- _What is expected_: Your reply should be the whole listing, copied exactly, with the pictures left out.

- _Provided material_:
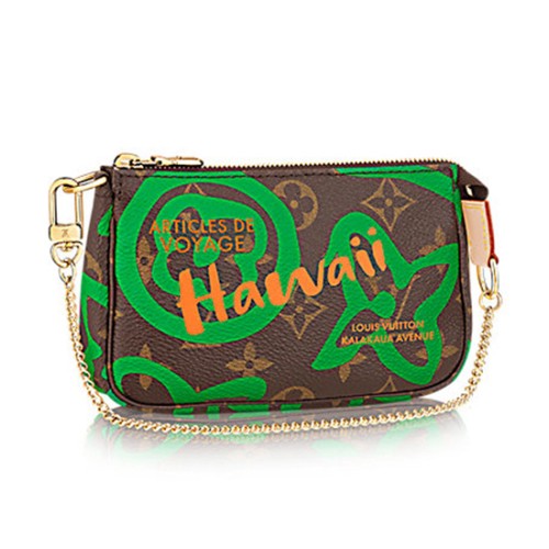 Capturando el espíritu del verano, la colección Resort 2017 de edición limitada combina el icónico Monogram Canvas con una interpretación audaz y brillante del estampado Tahitiennes adaptado de los archivos de Louis Vuitton. Ideal para guardar lo esencial, el elegante Mini Pochette Accessoires se puede sujetar a un bolso o llevar solo.
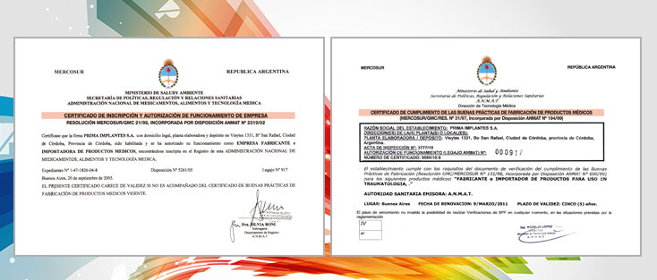 La fábrica de PRIMA IMPLANTES S.A. en la ciudad de Córdoba, se encuentra habilitada como Empresa Fabricante e Importadora de Productos Médicos, por la Administración Nacional de MÉDICAmentos, Alimentos y Tecnología Médica (A.N.M.A.T.), según Disposición 2319/02, cumplimentando las Buenas Prácticas de Fabricación de Productos Médicos dispuestas en la Disposición 194/99. Actualmente, nuestra empresa cumple con el Reglamento Técnico Mercosur de Buenas Prácticas de Fabricación de Productos Médicos y Productos para Diagnostico de uso in vitro incorporadas en la Disposición 3266/13. Además cuenta con la habilitación como Laboratorio de Productos Médicos emitida por la Dirección de Jurisdicción Farmacia del Ministerio de Salud de la Provincia de Córdoba.
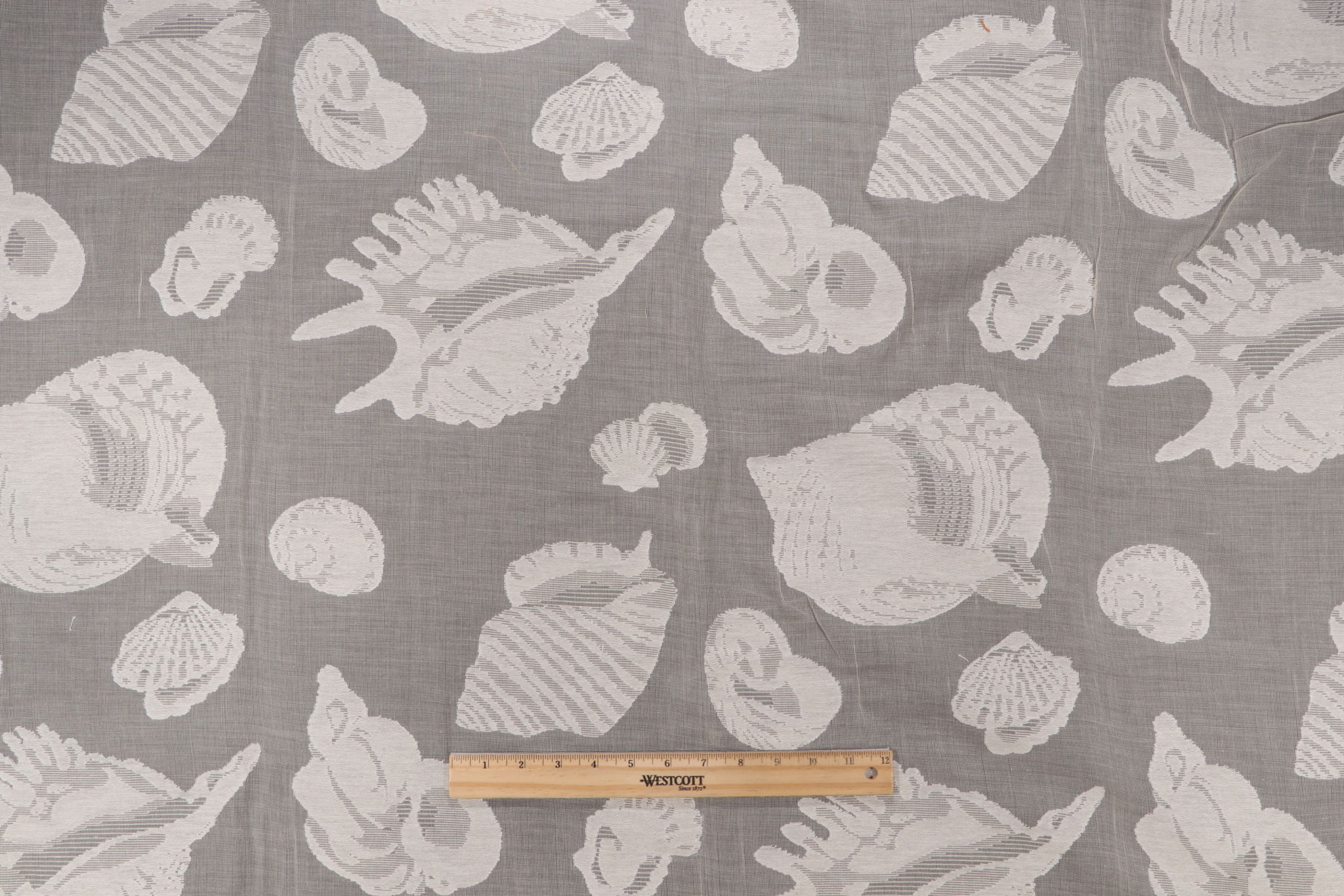 If you order a sample of Grey Watkins Sheer Shells Lace Drapery Fabric in Natural for Scalamandre the size of the swatch you receive will be approximately 4" x 6". This is enough fabric to verify color and texture, but may not be large enough to capture an entire pattern.
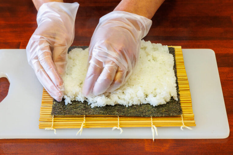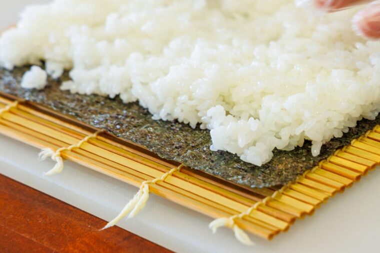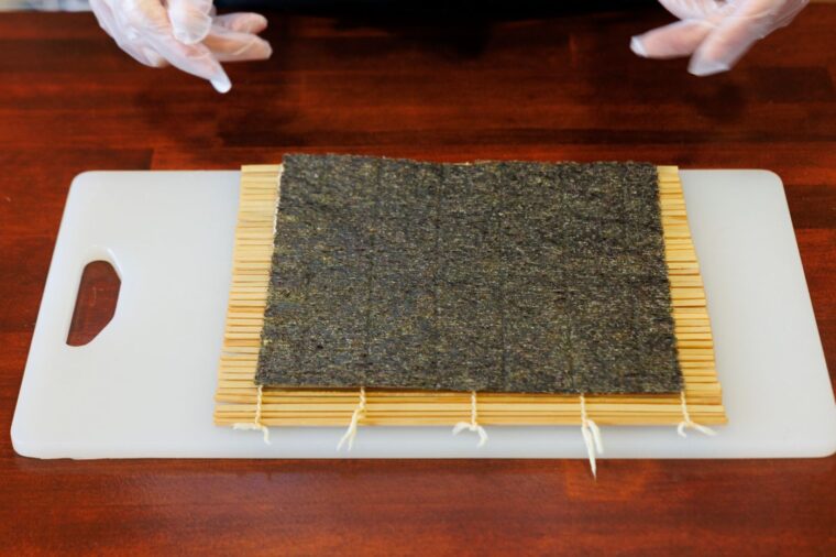 ②.まな板の上に巻きすを広げ、その上に海苔を敷く。

- _Exercise answer_:
 Capturando el espíritu del verano, la colección Resort 2017 de edición limitada combina el icónico Monogram Canvas con una interpretación audaz y brillante del estampado Tahitiennes adaptado de los archivos de Louis Vuitton. Ideal para guardar lo esencial, el elegante Mini Pochette Accessoires se puede sujetar a un bolso o llevar solo.
 La fábrica de PRIMA IMPLANTES S.A. en la ciudad de Córdoba, se encuentra habilitada como Empresa Fabricante e Importadora de Productos Médicos, por la Administración Nacional de MÉDICAmentos, Alimentos y Tecnología Médica (A.N.M.A.T.), según Disposición 2319/02, cumplimentando las Buenas Prácticas de Fabricación de Productos Médicos dispuestas en la Disposición 194/99. Actualmente, nuestra empresa cumple con el Reglamento Técnico Mercosur de Buenas Prácticas de Fabricación de Productos Médicos y Productos para Diagnostico de uso in vitro incorporadas en la Disposición 3266/13. Además cuenta con la habilitación como Laboratorio de Productos Médicos emitida por la Dirección de Jurisdicción Farmacia del Ministerio de Salud de la Provincia de Córdoba.
 If you order a sample of Grey Watkins Sheer Shells Lace Drapery Fabric in Natural for Scalamandre the size of the swatch you receive will be approximately 4" x 6". This is enough fabric to verify color and texture, but may not be large enough to capture an entire pattern.
 ②.まな板の上に巻きすを広げ、その上に海苔を敷く。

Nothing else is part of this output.